Saving My Knees: How I Proved My Doctors Wrong and Beat Chronic Knee Pain (9 page)

The first X-ray image dates all the way back to 1895; the first MRI scan of a human subject didn’t occur until 1977. Three years later, the first commercial MRI machine was manufactured. A couple of decades after that, the technology became widely used in clinical studies of cartilage and osteoarthritic joints.

Further refinements in magnetic-imaging technology may reveal surprises in how knee cartilage changes over time. At least two studies using MRIs have already spotted one puzzling trend: the worst cartilage defects stand the best chance of getting better!

In one study, published in 2006, Australian researchers tracked changes in the knees of eighty-four healthy people. Various locations in the joints were graded using the standard zero-to-four scale. The subjects started out with a total of nineteen spots of really bad cartilage that scored either a “three” or “four” (meaning that the tissue was at least half worn away, or even gone altogether).

Amazingly, over a two-year period, these sites recovered the best. More than half of them improved—one went from bare bone to full thickness. About a fifth stayed the same, and about a quarter got worse.

That blew me away. In fact, there was a lot of information I uncovered that really buoyed my hopes. Cartilage could become stronger. It could also thicken over time. And if it was completely worn away at a certain location, it could even regrow again and often did.

Later, it occurred to me that I shouldn’t have been so astonished. Why shouldn’t cartilage be able to heal and adapt? The rest of the body does. I play guitar, so the skin on my fingertips thickens into calluses to withstand the pressure of the thin metal strings. Astronauts in outer space rapidly lose bone density from living in a weightless environment.

With my newly gained knowledge about how knees work and how cartilage can improve, I felt more confident about charting a path to recovery. At last it was time to devise my own experiment to get better.

8
  The Experiment
 

It wouldn’t be easy to develop a plan to heal my knees. For one, I would have to make a realistic appraisal of my condition and think deeply about what I reasonably could and couldn’t achieve. Also I’d have to find some suitable exercise to put in motion a pair of knees that didn’t like doing much of anything.

But first, there was one nagging, unresolved matter to confront: after reading a mound of scientific studies, did I really know what I thought I did?

All along, I had been wary about the inclination, especially in a field as fertile as knee research, to cherry-pick the studies I happened to agree with. It seemed intellectually dishonest. If one researcher says bad knees benefit from exercise and another says they don’t, what do you have at the end of the day?

I had already reviewed a Swedish study that claimed exercise helps bad knees. That left the contrary position to consider: that exercise either was harmful or didn’t matter either way. Any well-conducted investigation that reached either conclusion would send me spinning back to square one. I would have to re-examine a lot of my assumptions before creating a program to get better.

I found the perfect foil in a study whose impressive size gave its conclusions more heft. That’s because too-small sample sizes can skew results, as any good statistician knows. For instance, it’s premature to run full-page magazine ads claiming that a drug cures sixty-seven percent of subjects based on a trial consisting of three people, two of whom got better. Maybe in a second set of three, no one will benefit.

The Framingham Study, which looked at the relationship between activity and knee osteoarthritis, didn’t have a problem at all with sample size. It boasted 1,279 subjects, far more than any other study I’d looked at. That alone ensured its results would receive widespread notice. A major finding: “Walking for exercise and other recreational activities in older persons without knee OA (osteoarthritis) do not affect these individuals’ risk of developing OA, even if they are overweight.”

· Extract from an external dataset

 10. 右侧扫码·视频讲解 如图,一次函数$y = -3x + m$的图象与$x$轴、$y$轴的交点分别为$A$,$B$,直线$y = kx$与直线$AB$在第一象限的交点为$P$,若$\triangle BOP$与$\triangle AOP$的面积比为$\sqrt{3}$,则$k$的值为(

In other words, older Americans, whether skinny or fat, don’t have to worry that those tennis matches or weekend strolls along the beach boost their risk of developing arthritis in their knees. The Framingham Study attracted plenty of attention; I heard it mentioned while listening to a Hong Kong radio station one day. A doctor, whose syndicated health segment aired daily, cited the research to reassure listeners that exercise was safe for their joints.

After examining the article by the Framingham researchers, published in 2007 in
Arthritis Care and Research
, I viewed their conclusion differently. Sure, you could put a positive spin on the investigation, but you could just as easily highlight the negative. Namely, if exercise doesn’t affect the risk one way or the other, that means physical activity isn’t bad, but isn’t good either. Indeed, researchers said their evidence suggests that “exercise does not protect” against the onset of osteoarthritis.

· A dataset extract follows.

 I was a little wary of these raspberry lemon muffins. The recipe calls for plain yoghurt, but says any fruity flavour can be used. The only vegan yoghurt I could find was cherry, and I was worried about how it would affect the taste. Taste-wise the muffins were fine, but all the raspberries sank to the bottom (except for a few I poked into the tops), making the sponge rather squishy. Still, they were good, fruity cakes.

That struck me as peculiar. Cartilage loss contributes to the progession of the disease. Exercise should help buffer the tissue against breaking down by making it stronger and more elastic. It became clear I needed to delve into the methods of the Framingham Study to understand how the researchers found what they did.

Their methodology seemed straightforward enough. The subjects, who were older and largely overweight, had their knees X-rayed. At some point, they filled out a survey about their level of activity and the intensity. Then about nine years after an initial exam, their knees were X-rayed again to scan for signs of osteoarthritis. They also answered questions to determine if they had common symptoms of the disease, such as stiff joints. 

After collecting the data, the researchers spun off the results into several complex-looking tables with numerous categories. You could trace along columns and rows to locate, for example, the number of heavy people who walked at least six miles a week who wound up with symptoms of knee osteoarthritis. Or you could find the number of thinner people who did sweat-inducing exercise less than three times weekly and whose X-rays indicated they developed the disease. There was a lot of information to wade through.

The longer I stared at the figures, the more puzzled I grew. In places they resembled a bunch of one-way signs that a tipped-over truck had dumped in the middle of the highway. They pointed this way and that. Take for instance the subjects’ level of activity, as compared with peers’. One table suggested that being active was good for heavy people: it may protect them from symptoms of osteoarthritis. At the same time the results paradoxically suggested that being inactive was good for them too: it may prevent joint-space narrowing, a hallmark of the disease.

While the conclusions indicated by the numbers never quite achieved statistical significance, there was enough oddness to inspire me to look deeper. The Framingham Study, after all, didn’t really discover any relationships between anything, except for the obvious one, that fatter people got knee osteoarthritis more often. If no relationships exist in the first place, that makes sense. However, I began pursuing an alternative explanation: that the study had serious limitations.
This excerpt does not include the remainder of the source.